Starting at the line that contains "Konya Büyükşehir Belediye" and stopping at the line that contains "湯呑 検:中国美術 青華", transcribe every line of the material below exactly; pictures stay out.

- [Provided material]

* * * * * * *

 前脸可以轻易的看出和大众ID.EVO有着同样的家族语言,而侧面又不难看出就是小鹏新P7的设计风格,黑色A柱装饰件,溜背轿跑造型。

* * * * * * *

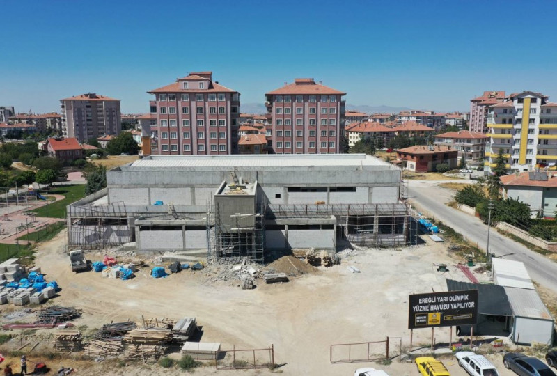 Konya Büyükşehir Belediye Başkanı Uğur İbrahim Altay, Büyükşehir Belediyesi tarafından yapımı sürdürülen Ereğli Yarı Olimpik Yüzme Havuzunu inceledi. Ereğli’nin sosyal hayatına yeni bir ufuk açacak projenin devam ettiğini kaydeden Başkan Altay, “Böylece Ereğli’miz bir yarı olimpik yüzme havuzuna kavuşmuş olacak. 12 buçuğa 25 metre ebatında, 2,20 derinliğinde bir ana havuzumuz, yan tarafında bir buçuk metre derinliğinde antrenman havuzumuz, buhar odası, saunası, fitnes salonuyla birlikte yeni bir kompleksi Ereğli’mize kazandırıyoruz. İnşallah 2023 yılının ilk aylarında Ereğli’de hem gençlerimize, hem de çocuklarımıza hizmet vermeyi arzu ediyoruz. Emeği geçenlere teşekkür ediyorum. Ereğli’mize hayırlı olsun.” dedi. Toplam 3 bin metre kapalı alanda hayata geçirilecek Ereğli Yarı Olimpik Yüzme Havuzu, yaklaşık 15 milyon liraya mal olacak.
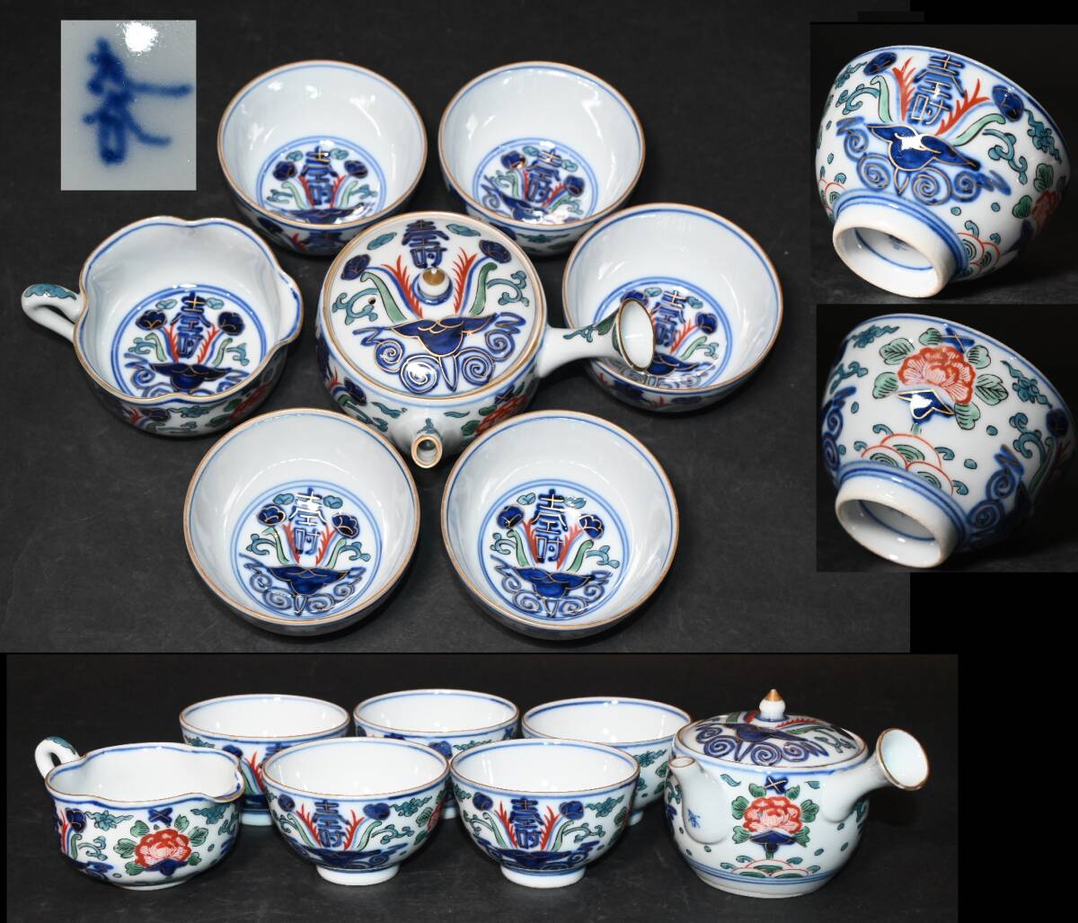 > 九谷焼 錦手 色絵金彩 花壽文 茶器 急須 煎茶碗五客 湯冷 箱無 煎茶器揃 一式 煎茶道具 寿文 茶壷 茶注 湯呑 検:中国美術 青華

* * * * * * *

- [Answer to this problem]
 Konya Büyükşehir Belediye Başkanı Uğur İbrahim Altay, Büyükşehir Belediyesi tarafından yapımı sürdürülen Ereğli Yarı Olimpik Yüzme Havuzunu inceledi. Ereğli’nin sosyal hayatına yeni bir ufuk açacak projenin devam ettiğini kaydeden Başkan Altay, “Böylece Ereğli’miz bir yarı olimpik yüzme havuzuna kavuşmuş olacak. 12 buçuğa 25 metre ebatında, 2,20 derinliğinde bir ana havuzumuz, yan tarafında bir buçuk metre derinliğinde antrenman havuzumuz, buhar odası, saunası, fitnes salonuyla birlikte yeni bir kompleksi Ereğli’mize kazandırıyoruz. İnşallah 2023 yılının ilk aylarında Ereğli’de hem gençlerimize, hem de çocuklarımıza hizmet vermeyi arzu ediyoruz. Emeği geçenlere teşekkür ediyorum. Ereğli’mize hayırlı olsun.” dedi. Toplam 3 bin metre kapalı alanda hayata geçirilecek Ereğli Yarı Olimpik Yüzme Havuzu, yaklaşık 15 milyon liraya mal olacak.
 > 九谷焼 錦手 色絵金彩 花壽文 茶器 急須 煎茶碗五客 湯冷 箱無 煎茶器揃 一式 煎茶道具 寿文 茶壷 茶注 湯呑 検:中国美術 青華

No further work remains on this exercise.